• EXERCISE INPUT:
▬▬▬

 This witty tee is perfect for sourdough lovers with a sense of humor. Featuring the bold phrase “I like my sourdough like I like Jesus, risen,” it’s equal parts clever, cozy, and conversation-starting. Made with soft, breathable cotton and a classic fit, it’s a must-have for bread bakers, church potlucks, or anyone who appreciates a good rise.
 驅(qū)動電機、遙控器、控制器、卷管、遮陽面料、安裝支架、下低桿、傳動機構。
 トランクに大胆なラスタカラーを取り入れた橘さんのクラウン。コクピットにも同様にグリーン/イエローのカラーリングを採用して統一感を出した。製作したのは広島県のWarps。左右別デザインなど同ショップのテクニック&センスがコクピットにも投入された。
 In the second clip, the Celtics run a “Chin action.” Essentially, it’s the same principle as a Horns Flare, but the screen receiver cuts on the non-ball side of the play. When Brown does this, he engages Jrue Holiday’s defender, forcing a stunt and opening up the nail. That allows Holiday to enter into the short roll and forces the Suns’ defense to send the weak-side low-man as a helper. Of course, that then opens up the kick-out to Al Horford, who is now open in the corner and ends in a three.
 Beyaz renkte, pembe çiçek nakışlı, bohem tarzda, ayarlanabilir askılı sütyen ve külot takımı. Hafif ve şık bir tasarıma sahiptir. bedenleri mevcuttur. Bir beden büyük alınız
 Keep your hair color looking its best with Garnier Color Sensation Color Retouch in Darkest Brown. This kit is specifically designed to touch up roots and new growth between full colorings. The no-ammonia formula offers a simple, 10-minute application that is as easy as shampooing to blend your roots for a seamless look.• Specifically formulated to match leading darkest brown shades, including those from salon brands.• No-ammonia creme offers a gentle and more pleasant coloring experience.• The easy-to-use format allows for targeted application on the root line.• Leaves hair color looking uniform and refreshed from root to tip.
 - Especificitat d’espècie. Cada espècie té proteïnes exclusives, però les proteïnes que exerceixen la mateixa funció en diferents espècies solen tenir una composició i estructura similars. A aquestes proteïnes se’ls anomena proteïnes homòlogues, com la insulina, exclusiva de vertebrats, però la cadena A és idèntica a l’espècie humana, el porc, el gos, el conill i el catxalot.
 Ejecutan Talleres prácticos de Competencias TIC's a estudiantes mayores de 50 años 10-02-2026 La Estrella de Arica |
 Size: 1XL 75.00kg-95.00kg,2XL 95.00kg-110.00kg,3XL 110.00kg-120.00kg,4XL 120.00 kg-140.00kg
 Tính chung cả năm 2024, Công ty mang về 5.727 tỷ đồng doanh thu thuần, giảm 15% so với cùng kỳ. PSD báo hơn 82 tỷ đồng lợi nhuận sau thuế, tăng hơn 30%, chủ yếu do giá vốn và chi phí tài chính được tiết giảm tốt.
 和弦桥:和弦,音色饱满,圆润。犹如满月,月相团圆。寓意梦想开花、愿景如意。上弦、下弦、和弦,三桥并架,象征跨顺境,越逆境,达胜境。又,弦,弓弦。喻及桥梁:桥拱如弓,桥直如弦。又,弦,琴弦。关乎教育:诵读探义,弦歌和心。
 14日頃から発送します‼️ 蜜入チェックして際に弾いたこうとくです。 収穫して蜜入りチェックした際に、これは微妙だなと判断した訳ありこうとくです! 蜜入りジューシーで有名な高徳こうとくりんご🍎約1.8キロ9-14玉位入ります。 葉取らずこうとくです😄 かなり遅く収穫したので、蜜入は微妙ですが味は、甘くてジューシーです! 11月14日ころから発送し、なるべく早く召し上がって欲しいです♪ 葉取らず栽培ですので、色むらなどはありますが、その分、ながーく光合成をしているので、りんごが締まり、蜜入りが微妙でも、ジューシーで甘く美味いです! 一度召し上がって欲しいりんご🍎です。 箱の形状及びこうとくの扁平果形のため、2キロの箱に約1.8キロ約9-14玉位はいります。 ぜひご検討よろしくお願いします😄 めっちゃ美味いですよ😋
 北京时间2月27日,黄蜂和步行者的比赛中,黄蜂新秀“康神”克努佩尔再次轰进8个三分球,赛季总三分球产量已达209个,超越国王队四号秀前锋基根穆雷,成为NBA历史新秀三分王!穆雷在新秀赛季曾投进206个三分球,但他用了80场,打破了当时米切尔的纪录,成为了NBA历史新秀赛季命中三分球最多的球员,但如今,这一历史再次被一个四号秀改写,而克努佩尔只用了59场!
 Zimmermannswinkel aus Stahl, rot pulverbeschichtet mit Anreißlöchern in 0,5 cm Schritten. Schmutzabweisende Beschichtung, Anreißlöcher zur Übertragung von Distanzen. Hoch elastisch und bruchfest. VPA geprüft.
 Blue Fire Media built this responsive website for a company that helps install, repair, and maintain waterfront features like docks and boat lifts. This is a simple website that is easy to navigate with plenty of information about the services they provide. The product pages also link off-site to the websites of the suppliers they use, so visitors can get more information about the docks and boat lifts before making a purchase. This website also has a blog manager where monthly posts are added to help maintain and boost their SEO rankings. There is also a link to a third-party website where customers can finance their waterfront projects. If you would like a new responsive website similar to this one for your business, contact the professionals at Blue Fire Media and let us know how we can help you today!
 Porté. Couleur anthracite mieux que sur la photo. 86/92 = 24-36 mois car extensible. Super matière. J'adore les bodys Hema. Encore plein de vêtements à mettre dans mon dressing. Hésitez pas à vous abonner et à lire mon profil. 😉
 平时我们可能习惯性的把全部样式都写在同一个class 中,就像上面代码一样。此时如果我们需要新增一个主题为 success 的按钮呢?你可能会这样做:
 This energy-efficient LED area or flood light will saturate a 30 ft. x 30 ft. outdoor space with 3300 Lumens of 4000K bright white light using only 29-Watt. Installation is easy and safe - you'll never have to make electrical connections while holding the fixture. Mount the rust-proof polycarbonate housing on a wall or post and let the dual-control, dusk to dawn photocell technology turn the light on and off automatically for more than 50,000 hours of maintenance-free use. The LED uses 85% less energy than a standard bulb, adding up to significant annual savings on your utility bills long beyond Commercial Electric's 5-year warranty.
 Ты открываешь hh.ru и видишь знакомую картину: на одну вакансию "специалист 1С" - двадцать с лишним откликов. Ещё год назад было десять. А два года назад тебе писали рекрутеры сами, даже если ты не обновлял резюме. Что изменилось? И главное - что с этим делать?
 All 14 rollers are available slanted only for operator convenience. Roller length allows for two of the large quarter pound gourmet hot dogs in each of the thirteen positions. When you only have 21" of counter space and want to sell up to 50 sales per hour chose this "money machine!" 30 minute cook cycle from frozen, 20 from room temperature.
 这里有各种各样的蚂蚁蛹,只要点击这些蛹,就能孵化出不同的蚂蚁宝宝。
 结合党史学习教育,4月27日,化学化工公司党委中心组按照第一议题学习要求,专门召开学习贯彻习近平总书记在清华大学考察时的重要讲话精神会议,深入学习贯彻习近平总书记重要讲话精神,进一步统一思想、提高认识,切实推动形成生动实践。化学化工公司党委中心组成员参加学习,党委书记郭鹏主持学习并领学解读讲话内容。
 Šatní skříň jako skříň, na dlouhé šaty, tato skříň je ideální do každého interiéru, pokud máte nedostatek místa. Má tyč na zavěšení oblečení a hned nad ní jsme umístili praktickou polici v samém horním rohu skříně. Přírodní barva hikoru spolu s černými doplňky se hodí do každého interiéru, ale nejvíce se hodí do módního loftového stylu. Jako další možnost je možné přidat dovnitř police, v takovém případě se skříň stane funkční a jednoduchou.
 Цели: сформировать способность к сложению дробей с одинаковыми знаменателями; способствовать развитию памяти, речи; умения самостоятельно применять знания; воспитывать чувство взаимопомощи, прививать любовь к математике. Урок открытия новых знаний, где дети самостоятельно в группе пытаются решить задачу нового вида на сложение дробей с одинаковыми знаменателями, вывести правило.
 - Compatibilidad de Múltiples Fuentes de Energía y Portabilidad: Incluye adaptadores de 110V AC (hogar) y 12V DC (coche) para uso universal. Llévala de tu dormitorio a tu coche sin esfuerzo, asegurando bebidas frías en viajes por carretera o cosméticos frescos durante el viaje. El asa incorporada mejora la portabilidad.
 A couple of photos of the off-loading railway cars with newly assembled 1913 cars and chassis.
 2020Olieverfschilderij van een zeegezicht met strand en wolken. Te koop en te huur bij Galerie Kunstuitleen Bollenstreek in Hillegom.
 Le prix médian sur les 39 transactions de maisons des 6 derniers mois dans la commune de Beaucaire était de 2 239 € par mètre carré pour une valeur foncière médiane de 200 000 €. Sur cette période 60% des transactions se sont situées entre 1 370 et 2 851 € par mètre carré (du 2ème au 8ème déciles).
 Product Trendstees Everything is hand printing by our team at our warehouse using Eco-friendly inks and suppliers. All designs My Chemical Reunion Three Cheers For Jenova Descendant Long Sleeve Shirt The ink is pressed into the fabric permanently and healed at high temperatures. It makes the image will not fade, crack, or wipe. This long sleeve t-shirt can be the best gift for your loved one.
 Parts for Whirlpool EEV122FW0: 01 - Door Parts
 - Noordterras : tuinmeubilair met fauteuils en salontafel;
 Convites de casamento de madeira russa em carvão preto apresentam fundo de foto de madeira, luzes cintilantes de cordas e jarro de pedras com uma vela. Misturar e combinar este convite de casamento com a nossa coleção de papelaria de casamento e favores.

▬▬▬

• WORK ITEM: Looking back over the data above, restate word for word the lines that begin at the line with "All 14 rollers" and end at the line with "这里有各种各样的蚂蚁蛹,只要点击这些蛹,就能孵化出不同的蚂蚁宝宝。", inclusive.

• SOLUTION TO THIS EXERCISE:
 All 14 rollers are available slanted only for operator convenience. Roller length allows for two of the large quarter pound gourmet hot dogs in each of the thirteen positions. When you only have 21" of counter space and want to sell up to 50 sales per hour chose this "money machine!" 30 minute cook cycle from frozen, 20 from room temperature.
 这里有各种各样的蚂蚁蛹,只要点击这些蛹,就能孵化出不同的蚂蚁宝宝。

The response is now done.